** Opening Available data block **

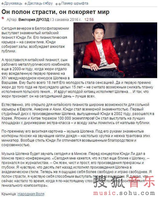 搜狐娱乐讯 开年伊始,当今国际古典乐坛钢琴巨星李云迪全球发行的最新古典大碟《肖邦:叙事曲》火爆上市,行程满档的他也再度成了“空中飞人”,在欧美国家开启的“肖邦传奇”独奏音乐会巡演场场满座,无愧其“国际钢琴巨星”的美誉。继美国洛杉矶的独奏音乐会收获满堂彩后,李云迪在荷兰鹿特丹、白俄罗斯明斯克的演出也取得了巨大的成功,当地民众、华人华侨和主流媒体纷纷对这位从中国走出的当代肖邦最佳诠释者表现出高度关注和最大的热情如“猴赛雷”!
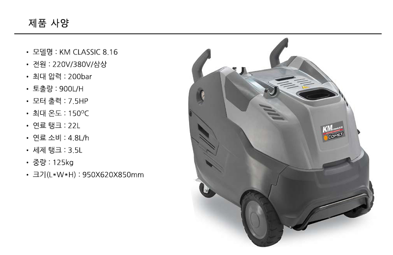 KM CLASSIC 8.16 삼상 (200bar,900ℓ/h)
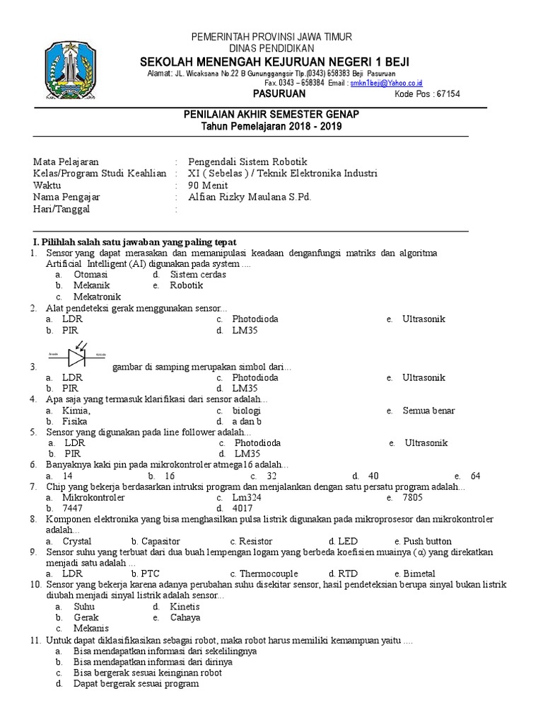 Bank Soal Pengendali Sistem Robotik Kelas Xi Semester Gasal Ajat Didik Budiansyah
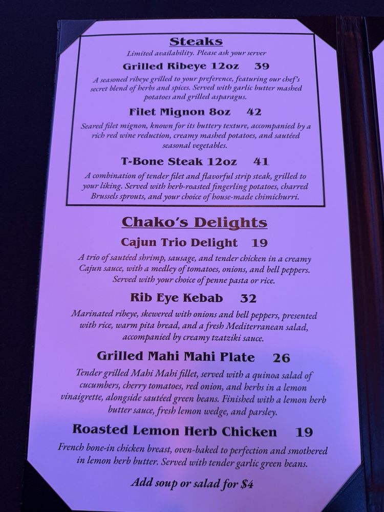 Chako's Social, located in Downtown Fullerton, offers a vibrant and modern dining experience. Their diverse menu includes dishes like Acai Bowls, Avocado Toast, Breakfast Tacos, and Brunch Charcuterie Boards. The cocktail selection features unique creations like Bobby Fischer's Bourbon Bramble and Chako's Spicy Passion. The atmosphere is lively with DJ sets, live music, and happy hour specials. Customers rave about the friendly staff, delicious food, and exciting vibe. Notable daily specials include $5 Seoul Wings on Wednesdays and $30 steaks on Fridays with a BYOW option. Chako's Social also caters to pet owners with a pet-friendly happy hour on weekdays. With a focus on providing top-notch service and a fun, festive ambiance, Chako's Social stands out as a go-to spot for brunch, evening gatherings, and sports events.

** Closing Available data block **

» About this exercise: Leaving the pictures out, set down all of the data again exactly.

» Response below:
 搜狐娱乐讯 开年伊始,当今国际古典乐坛钢琴巨星李云迪全球发行的最新古典大碟《肖邦:叙事曲》火爆上市,行程满档的他也再度成了“空中飞人”,在欧美国家开启的“肖邦传奇”独奏音乐会巡演场场满座,无愧其“国际钢琴巨星”的美誉。继美国洛杉矶的独奏音乐会收获满堂彩后,李云迪在荷兰鹿特丹、白俄罗斯明斯克的演出也取得了巨大的成功,当地民众、华人华侨和主流媒体纷纷对这位从中国走出的当代肖邦最佳诠释者表现出高度关注和最大的热情如“猴赛雷”!
 KM CLASSIC 8.16 삼상 (200bar,900ℓ/h)
 Bank Soal Pengendali Sistem Robotik Kelas Xi Semester Gasal Ajat Didik Budiansyah
 Chako's Social, located in Downtown Fullerton, offers a vibrant and modern dining experience. Their diverse menu includes dishes like Acai Bowls, Avocado Toast, Breakfast Tacos, and Brunch Charcuterie Boards. The cocktail selection features unique creations like Bobby Fischer's Bourbon Bramble and Chako's Spicy Passion. The atmosphere is lively with DJ sets, live music, and happy hour specials. Customers rave about the friendly staff, delicious food, and exciting vibe. Notable daily specials include $5 Seoul Wings on Wednesdays and $30 steaks on Fridays with a BYOW option. Chako's Social also caters to pet owners with a pet-friendly happy hour on weekdays. With a focus on providing top-notch service and a fun, festive ambiance, Chako's Social stands out as a go-to spot for brunch, evening gatherings, and sports events.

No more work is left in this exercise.